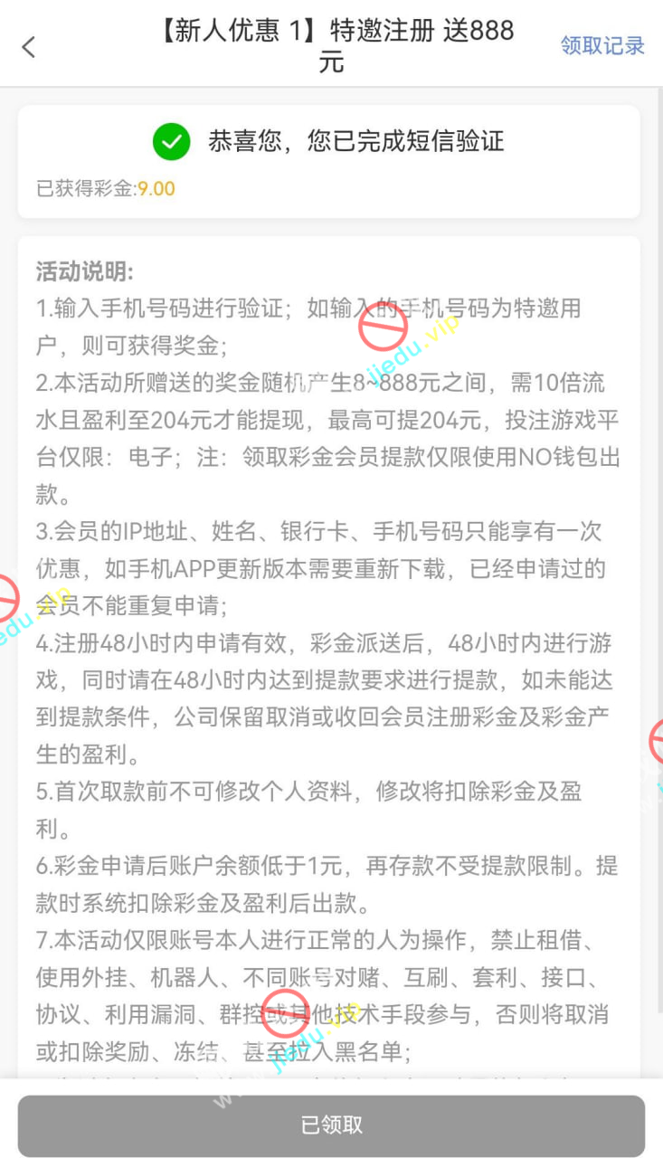 到账情况: 白嫖即可(勿充值)
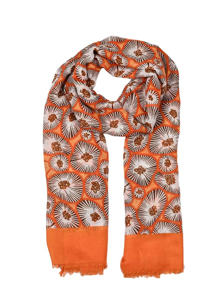 Dial up the drama this spring with our vibrant circle print scarf. The eye-catching pattern features abstract circles squashed together in a design that combines retro chic with modern attitude, creating something unique and intriguing. This unusual fashion fusion is offered in pumpkin orange and is finished with block colour ends, creating a true statement piece for your summer wardrobe.
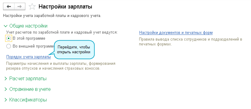Полный интерфейс: меню "Зарплата и кадры - Настройки зарплаты".
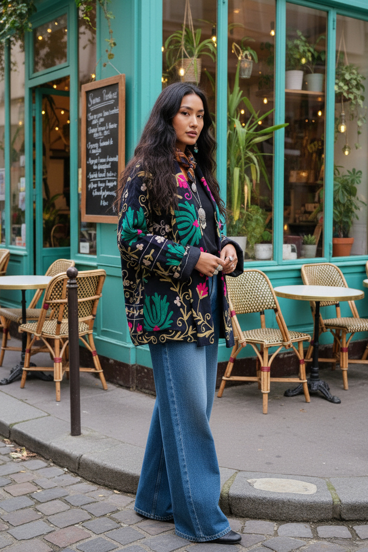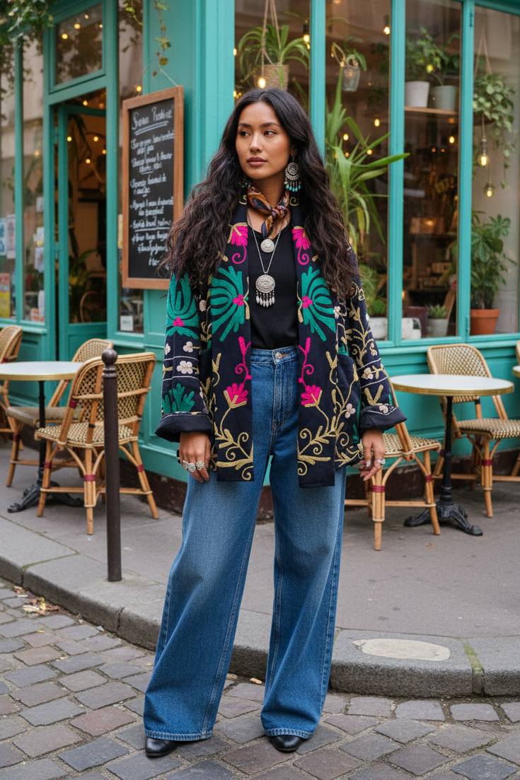 Chaqueta de estilo bohemio bordada con gran solapa y bolsillos.
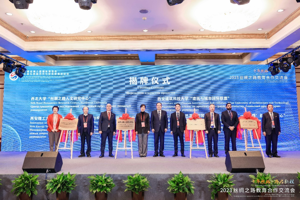 11月17日下午,由陕西省人民政府主办、省教育厅和省内高校承办的2023年丝绸之路教育合作交流会在西安开幕。教育部、省政府、外国政要代表、国内外专家学者和高校领导出席,陕西省委教育工委副书记、省教育厅厅长王树声主持开幕式,并与云博app官方在线入口党委副书记张清、乌兹别克斯坦撒马尔罕国立建筑与土木工程大学副校长萨法罗夫·巴霍迪尔洪·沙赫里约罗维奇教授共同为“丝绸之路人文研究中心”揭牌。
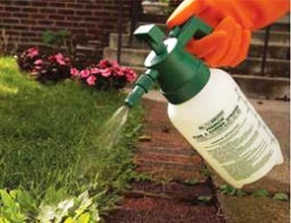 2. Знищуйте бур'яни домашнім нетоксичним засобом. Для цього розведіть 4 л оцту, 250 г харчової солі і 1 ст. л. засоби для миття посуду. Все це перемішайте, залийте цим розчином садовий обприскувач, і обприскують їм бур'яни в спеку.
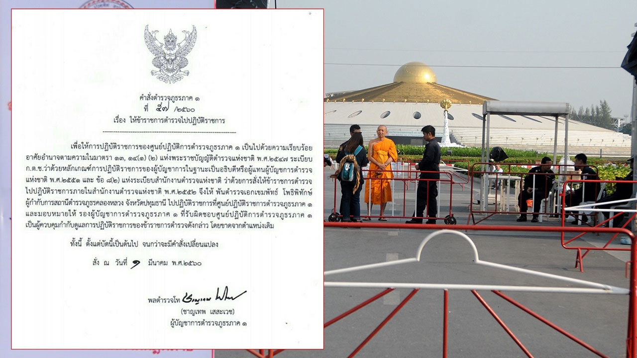 ผบช.ภ.1 ลงนามในคำสั่งให้ ผกก.สภ.คลองหลวง จ.ปทุมธานี ที่ดูแลพื้นที่วัดพระธรรมกาย ไปปฏิบัติหน้าที่ที่ศูนย์ปฏิบัติราชการตำรวจภูธรภาค 1 โดยให้ขาดจากตำแหน่งเดิม...
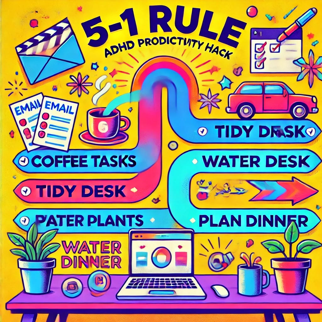🎯💡Boost Your ADHD Productivity: The Power of the 5-1 Rule! From overwhelm to focus and clarity!🌟📝
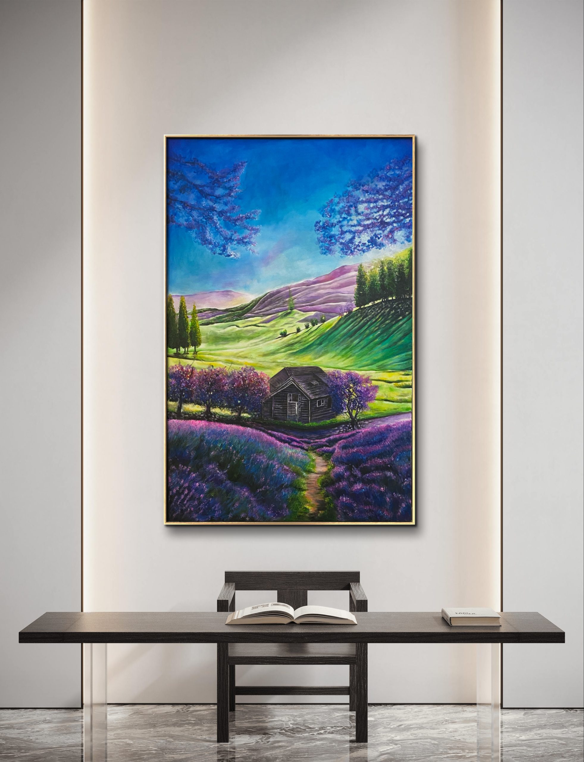 Purple Valley by Mahesh Aluthge – Spectacular view of the magnifient purple, magenta and lavender colors spreaded all over the valley The view shows the view on a typical sunny day with shadows. its a vertical painting (1000X1500mm) and would suit any of your room or living area specially with a vertical space.
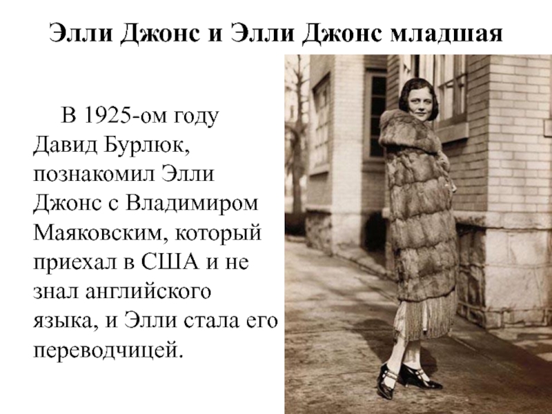 Элли Джонс с Владимиром Маяковским, который приехал в США и не знал английского языка, и Элли стала его переводчицей.
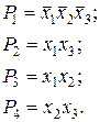 – чёрточка (–), если переменная хi невходит в j -ю конъюнкцию.
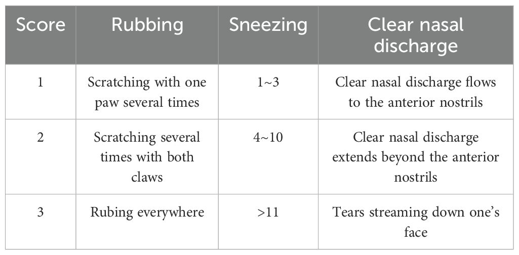 Mice were euthanized at three time points, namely 1, 2, and 4 weeks after administration. Before each euthanasia, nasal symptoms were observed and recorded for 15 minutes following stimulation with the same allergen solution. Symptom severity was evaluated according to the established scoring criteria showed in Table 1.

##############################

• _ABOUT THIS TASK_
Output exactly the lines above that lie between the line with "Полный интерфейс: меню" and the line with "Purple Valley by", those two lines included, and no pictures.

• _RESPONSE AREA_
Полный интерфейс: меню "Зарплата и кадры - Настройки зарплаты".
 Chaqueta de estilo bohemio bordada con gran solapa y bolsillos.
 11月17日下午,由陕西省人民政府主办、省教育厅和省内高校承办的2023年丝绸之路教育合作交流会在西安开幕。教育部、省政府、外国政要代表、国内外专家学者和高校领导出席,陕西省委教育工委副书记、省教育厅厅长王树声主持开幕式,并与云博app官方在线入口党委副书记张清、乌兹别克斯坦撒马尔罕国立建筑与土木工程大学副校长萨法罗夫·巴霍迪尔洪·沙赫里约罗维奇教授共同为“丝绸之路人文研究中心”揭牌。
 2. Знищуйте бур'яни домашнім нетоксичним засобом. Для цього розведіть 4 л оцту, 250 г харчової солі і 1 ст. л. засоби для миття посуду. Все це перемішайте, залийте цим розчином садовий обприскувач, і обприскують їм бур'яни в спеку.
 ผบช.ภ.1 ลงนามในคำสั่งให้ ผกก.สภ.คลองหลวง จ.ปทุมธานี ที่ดูแลพื้นที่วัดพระธรรมกาย ไปปฏิบัติหน้าที่ที่ศูนย์ปฏิบัติราชการตำรวจภูธรภาค 1 โดยให้ขาดจากตำแหน่งเดิม...
🎯💡Boost Your ADHD Productivity: The Power of the 5-1 Rule! From overwhelm to focus and clarity!🌟📝
 Purple Valley by Mahesh Aluthge – Spectacular view of the magnifient purple, magenta and lavender colors spreaded all over the valley The view shows the view on a typical sunny day with shadows. its a vertical painting (1000X1500mm) and would suit any of your room or living area specially with a vertical space.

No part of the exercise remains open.